Copy out all of the lines below exactly; the pictures do not belong in the copy.

◆ **Data excerpts**:
☆ ☆ ☆ ☆ ☆

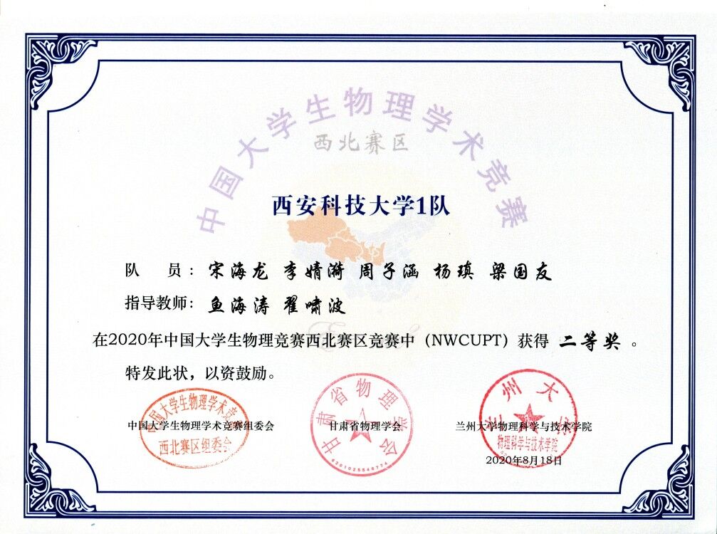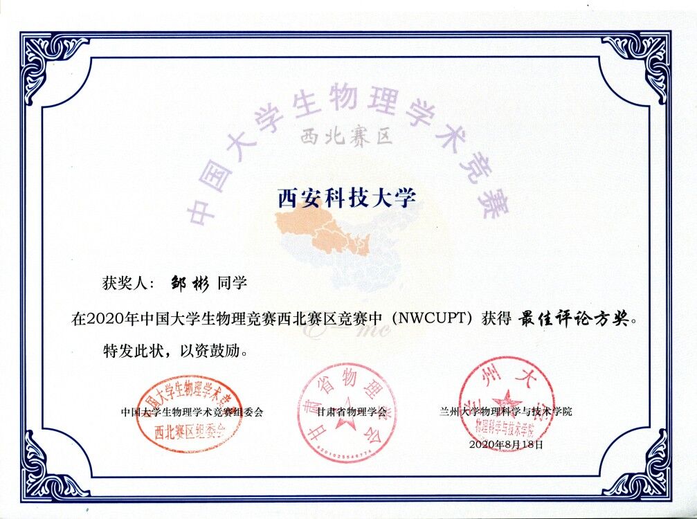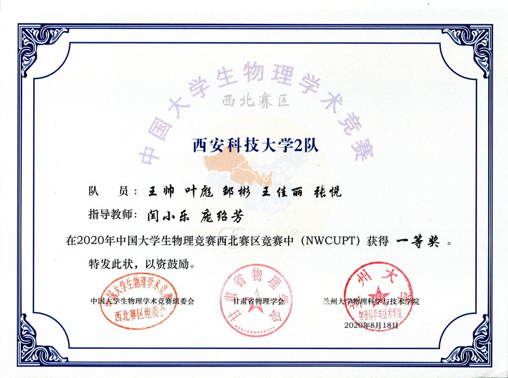 2020年中国老员工物理学术竞赛(CUPT)西北赛区近日成功举办。公司派出来自全校不同专业的十名同学(宋海龙、李婧漪、周子涵、杨瑱、梁国友、王帅、叶彪、邹彬、王佳丽、张悦)组成2支代表队参赛,威廉体育官方网站物理系的闫小乐、庞绍芳、鱼海涛、翟啸波四名教师作为指导教师和裁判参加了本次比赛。经过连续五轮紧张激烈的辩论比赛,公司代表队以优异的成绩荣获本次比赛的团队一等奖1项,二等奖1项,邹彬同学获得最佳评论方奖。
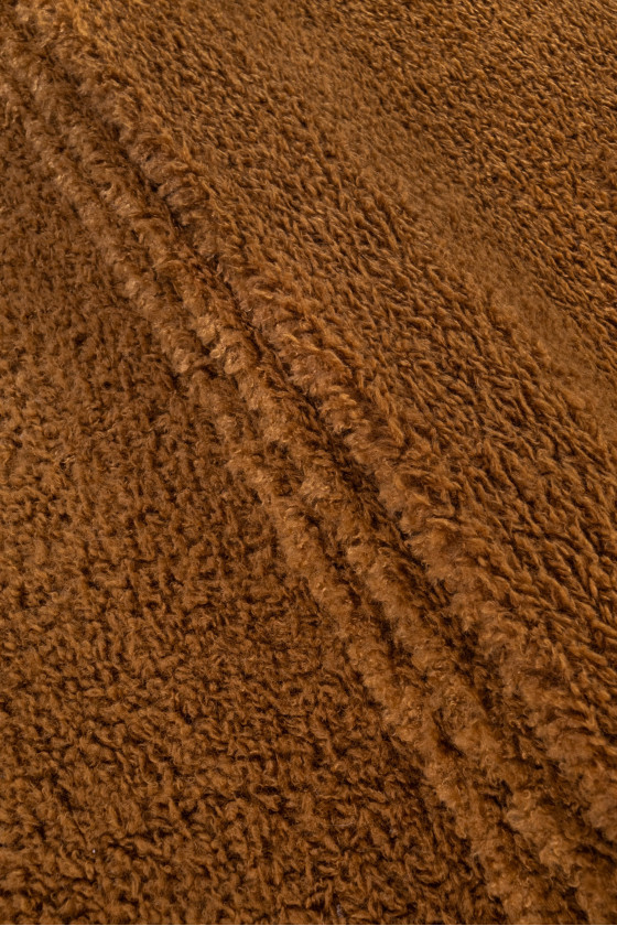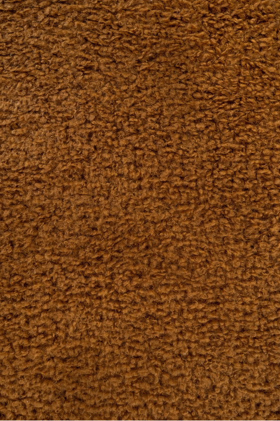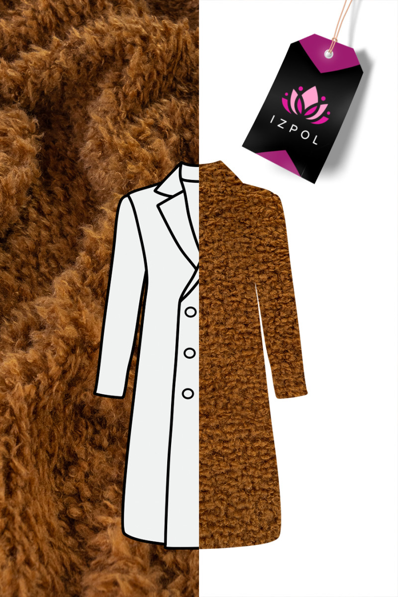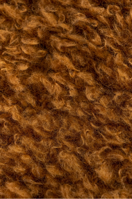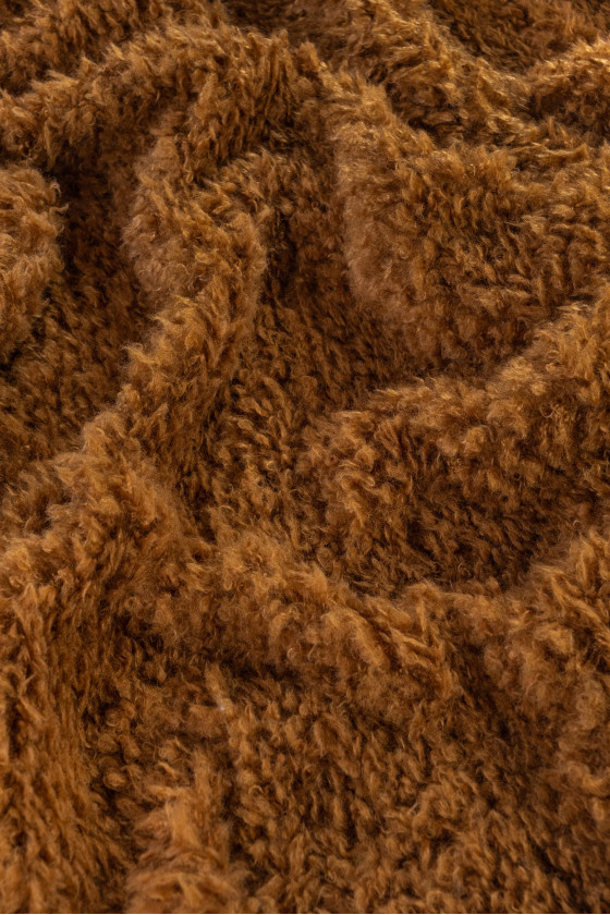 Włoska tkanina typu ekofutro w kolorze kamelowym. Tkanina bardzo miękka z kręconym, dłuższym włosem przypominającym moher - idealna do uszycia płaszcza, kurtki, kamizelki lub na wykończenia.
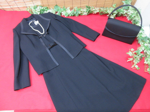 - 《8Y6715》middow 喪服 7号 ブラックフォーマル ステッチ美デザイン 4点セット ジャケット/ワンピース/バッグ/ネックレス 冠婚葬祭
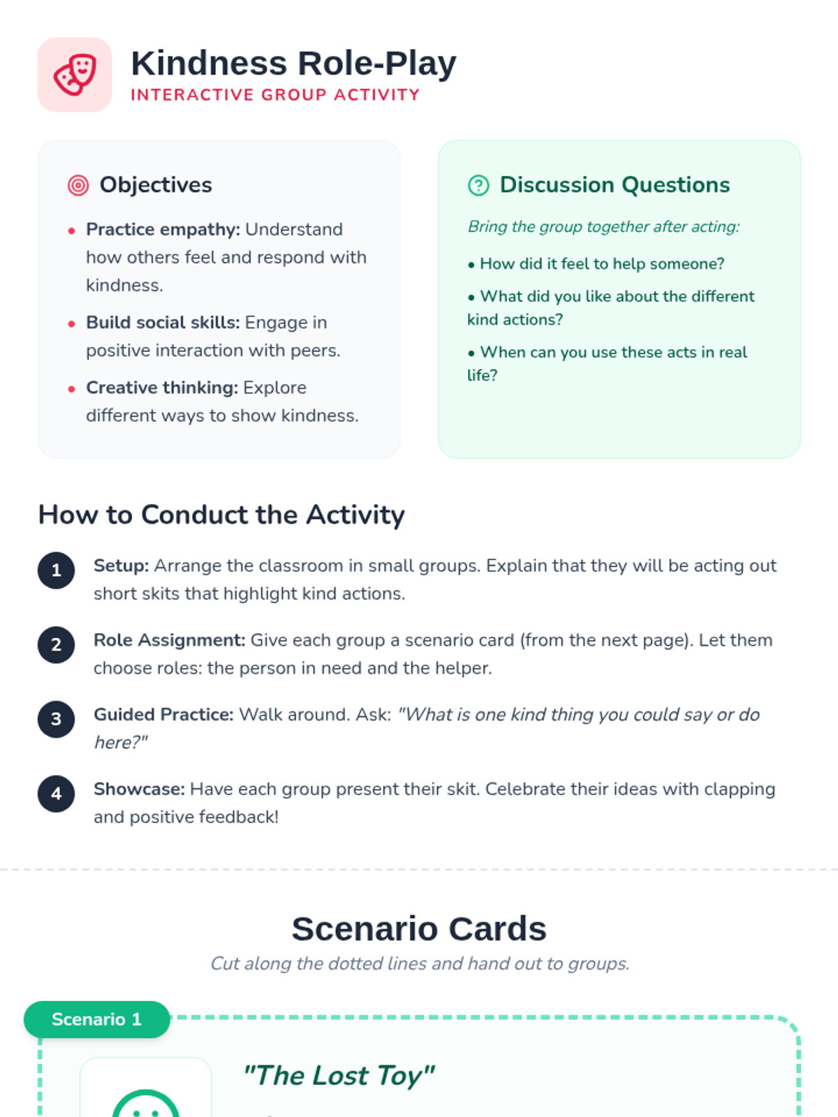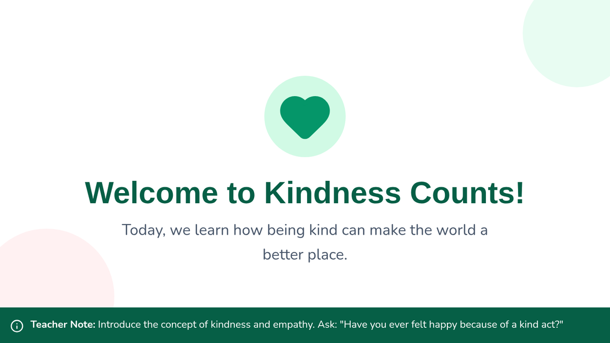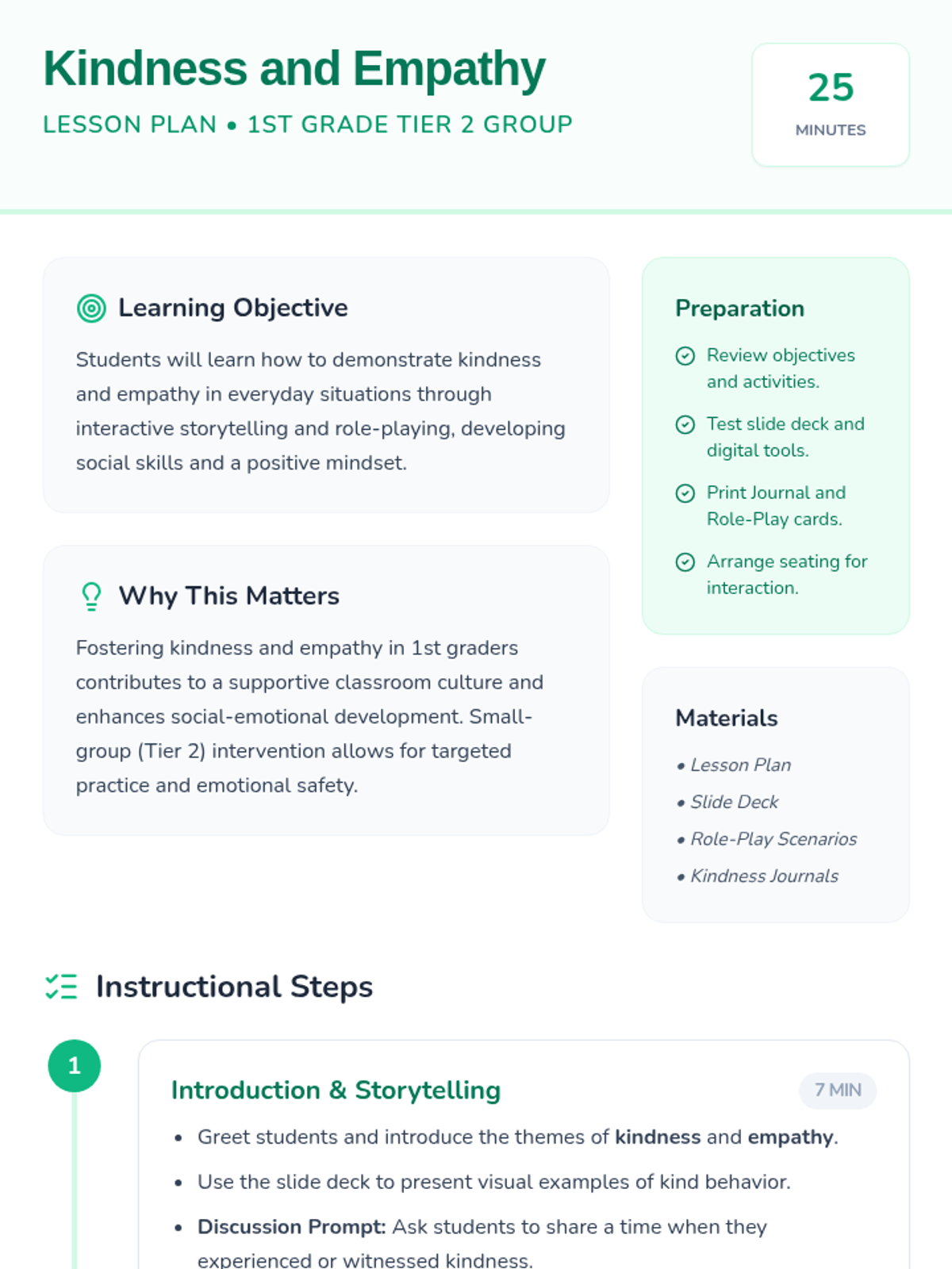 A Tier 2 behavioral intervention lesson for 1st graders focused on empathy and kindness through interactive storytelling, role-play, and journaling.
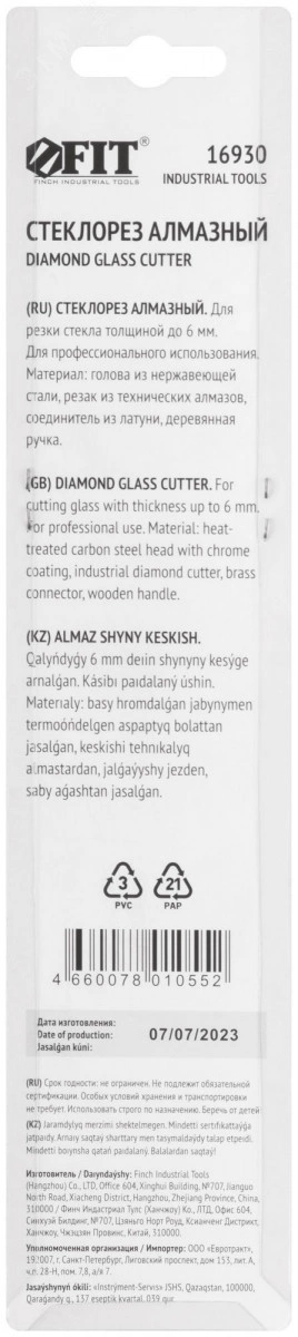Алмазный стеклорез FIT IT предназначен для быстрой и качественной резки стекла толщиной до 6 мм. Алмазный резак обладает высоким рабочим ресурсом и обеспечивают точность работ. Эргономичная деревянная рукоятка обеспечивает надежный хват. Стеклорез оснащен пазами для аккуратного разлома стекла.

☆ ☆ ☆ ☆ ☆

◆ **Task solution**:
 2020年中国老员工物理学术竞赛(CUPT)西北赛区近日成功举办。公司派出来自全校不同专业的十名同学(宋海龙、李婧漪、周子涵、杨瑱、梁国友、王帅、叶彪、邹彬、王佳丽、张悦)组成2支代表队参赛,威廉体育官方网站物理系的闫小乐、庞绍芳、鱼海涛、翟啸波四名教师作为指导教师和裁判参加了本次比赛。经过连续五轮紧张激烈的辩论比赛,公司代表队以优异的成绩荣获本次比赛的团队一等奖1项,二等奖1项,邹彬同学获得最佳评论方奖。
 Włoska tkanina typu ekofutro w kolorze kamelowym. Tkanina bardzo miękka z kręconym, dłuższym włosem przypominającym moher - idealna do uszycia płaszcza, kurtki, kamizelki lub na wykończenia.
 - 《8Y6715》middow 喪服 7号 ブラックフォーマル ステッチ美デザイン 4点セット ジャケット/ワンピース/バッグ/ネックレス 冠婚葬祭
 A Tier 2 behavioral intervention lesson for 1st graders focused on empathy and kindness through interactive storytelling, role-play, and journaling.
Алмазный стеклорез FIT IT предназначен для быстрой и качественной резки стекла толщиной до 6 мм. Алмазный резак обладает высоким рабочим ресурсом и обеспечивают точность работ. Эргономичная деревянная рукоятка обеспечивает надежный хват. Стеклорез оснащен пазами для аккуратного разлома стекла.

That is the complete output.